SamuelAierizer · 2024-12-07T10:01:29Z

I keep trying to run insanely-fast-whisper on M! but for some reason face some unknown issue which I can't trace to any existing problems. Thus creating a new issue.

Environment:

CPU/GPU: M1 Max
OS: macos 15.1.1
installed with pipx without any errors or warnings

Command that I tried to run:
insanely-fast-whisper --batch-size 4 --device-id mps --file-name <filename>

Error:

It starts to run but then crashes after some seconds and this is the trace.

(If it matters in any way, the file is a mp4 but only contains the audio track. For reference, I can run whisper with CPU or whisper-mps which runs just fine with CPU-GPU in tandem.)

~/.local/pipx/venvs/insanely-fast-whisper/lib/python3.12/site-packages/transformers/models/whisper/generation_whisper.py:512:
FutureWarning: The input name `inputs` is deprecated. Please make sure to use `input_features` instead.
  warnings.warn(
🤗 Transcribing... ━━━━━━━━━━━━━━━━━━━━━━━━━━━━━━━━━━━━━━━━ 0:00:03You have passed task=transcribe, but also have set `forced_decoder_ids` to [[1, None], [2, 50360]] which creates a conflict. `forced_decoder_ids` will be ignored in favor of task=transcribe.
🤗 Transcribing... ━━━━━━━━━━━━━━━━━━━━━━━━━━━━━━━━━━━━━━━━ 0:00:05Passing a tuple of `past_key_values` is deprecated and will be removed in Transformers v4.43.0. You should pass an instance of `EncoderDecoderCache` instead, e.g. `past_key_values=EncoderDecoderCache.from_legacy_cache(past_key_values)`.
🤗 Transcribing... ━━━━━━━━━━━━━━━━━━━━━━━━━━━━━━━━━━━━━━━━ 0:00:06The attention mask is not set and cannot be inferred from input because pad token is same as eos token. As a consequence, you may observe unexpected behavior.
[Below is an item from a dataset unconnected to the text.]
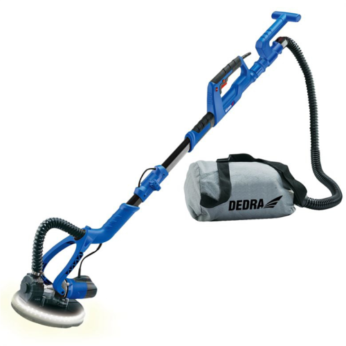 Szlifierka do gładzi DED7766 Dedra to urządzenie z innowacyjną turbiną ssącą umożliwiającą współpracę z workiem na pył. Takie rozwiązanie sprawia, że nie musimy korzystać z odkurzacza, aby pracować w czystych i bezpiecznych warunkach, szlifując ściany i sufit. Turbina zasysająca pył znajduje się przy talerzu szlifierskim, z którego odciąga nagromadzony urobek i poprzez wąż kieruje go do worka. Zastosowanie turbiny nadal pozwala na podłączenie odkurzacza do szlifierki. Wybór pomiędzy workiem, a odkurzaczem zależy od operatora narzędzia.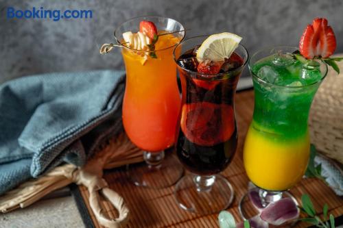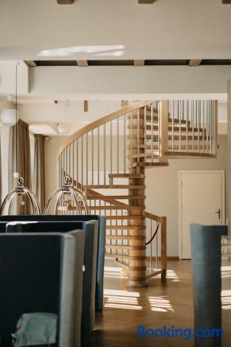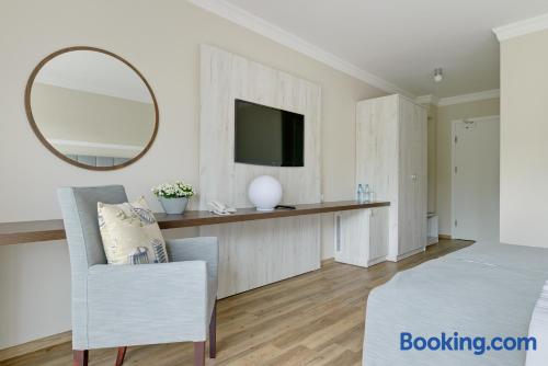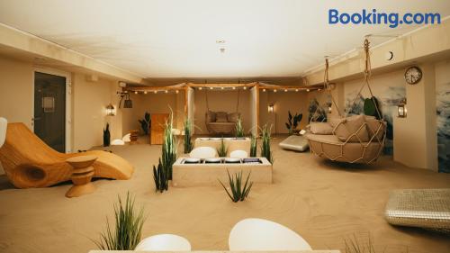 The 3-star Hotel Trzy Wyspy offers accommodations in Świnoujście, just 1969 feet from Promenade, historic Zdrojowy Park and one of the most beautiful sandy beaches in Poland. Guests have free access to the aqua center with a swimming pool, sauna, hot tub and a rest and recovery room, as well as to the fitness center. A small, private parking is available on site and hotel offers a restaurant and free WiFi. Each room includes a flat-screen satellite TV. Some units feature a seating area for your convenience. Each room is equipped with a private bathroom fitted with a shower. Extras include bath robes and free toiletries. Guests are welcome to enjoy a drink at the on-site bar. You will find a 24-hour front desk, a shared lounge, hairdresser's and gift shop at the property. Bike hire is available at this hotel and the area is popular for cycling. Zdrojowy Park is 2625 feet from Hotel Trzy Wyspy, while Swinoujscie lighthouse is 1.1 mi away. The nearest airport is Goleniów Airport, 35 mi from Hotel Trzy Wyspy.

Please pass your input's `attention_mask` to obtain reliable results.
🤗 Transcribing... ━━━━━━━━━━━━━━━━━━━━━━━━━━━━━━━━━━━━━━━━ 0:00:24
Traceback (most recent call last):
  File "~/.local/bin/insanely-fast-whisper", line 8, in <module>
    sys.exit(main())
             ^^^^^^
  File "~/.local/pipx/venvs/insanely-fast-whisper/lib/python3.12/site-packages/insanely_fast_whisper/cli.py", line 159, in main
    outputs = pipe(
              ^^^^^
  File "~/.local/pipx/venvs/insanely-fast-whisper/lib/python3.12/site-packages/transformers/pipelines/automatic_speech_recognition.py", line 283, in __call__
    return super().__call__(inputs, **kwargs)
           ^^^^^^^^^^^^^^^^^^^^^^^^^^^^^^^^^^
  File "~/.local/pipx/venvs/insanely-fast-whisper/lib/python3.12/site-packages/transformers/pipelines/base.py", line 1293, in __call__
    return next(
           ^^^^^
  File "~/.local/pipx/venvs/insanely-fast-whisper/lib/python3.12/site-packages/transformers/pipelines/pt_utils.py", line 124, in __next__
    item = next(self.iterator)
           ^^^^^^^^^^^^^^^^^^^
  File "~.local/pipx/venvs/insanely-fast-whisper/lib/python3.12/site-packages/transformers/pipelines/pt_utils.py", line 269, in __next__
    processed = self.infer(next(self.iterator), **self.params)
                ^^^^^^^^^^^^^^^^^^^^^^^^^^^^^^^^^^^^^^^^^^^^^^
  File "~/.local/pipx/venvs/insanely-fast-whisper/lib/python3.12/site-packages/transformers/pipelines/base.py", line 1208, in forward
    model_outputs = self._forward(model_inputs, **forward_params)
                    ^^^^^^^^^^^^^^^^^^^^^^^^^^^^^^^^^^^^^^^^^^^^^
  File "~/.local/pipx/venvs/insanely-fast-whisper/lib/python3.12/site-packages/transformers/pipelines/automatic_speech_recognition.py", line 515, in _forward
    tokens = self.model.generate(
             ^^^^^^^^^^^^^^^^^^^^
  File "~/.local/pipx/venvs/insanely-fast-whisper/lib/python3.12/site-packages/transformers/models/whisper/generation_whisper.py", line 718, in generate
    segments, segment_offset = self._retrieve_segment(
                               ^^^^^^^^^^^^^^^^^^^^^^^
  File "~/.local/pipx/venvs/insanely-fast-whisper/lib/python3.12/site-packages/transformers/models/whisper/generation_whisper.py", line 1831, in _retrieve_segment
    "start": time_offset[prev_idx] + start_timestamp_pos.to(torch.float64) * time_precision,
                                     ^^^^^^^^^^^^^^^^^^^^^^^^^^^^^^^^^^^^^
TypeError: Cannot convert a MPS Tensor to float64 dtype as the MPS framework doesn't support float64. Please use float32 instead.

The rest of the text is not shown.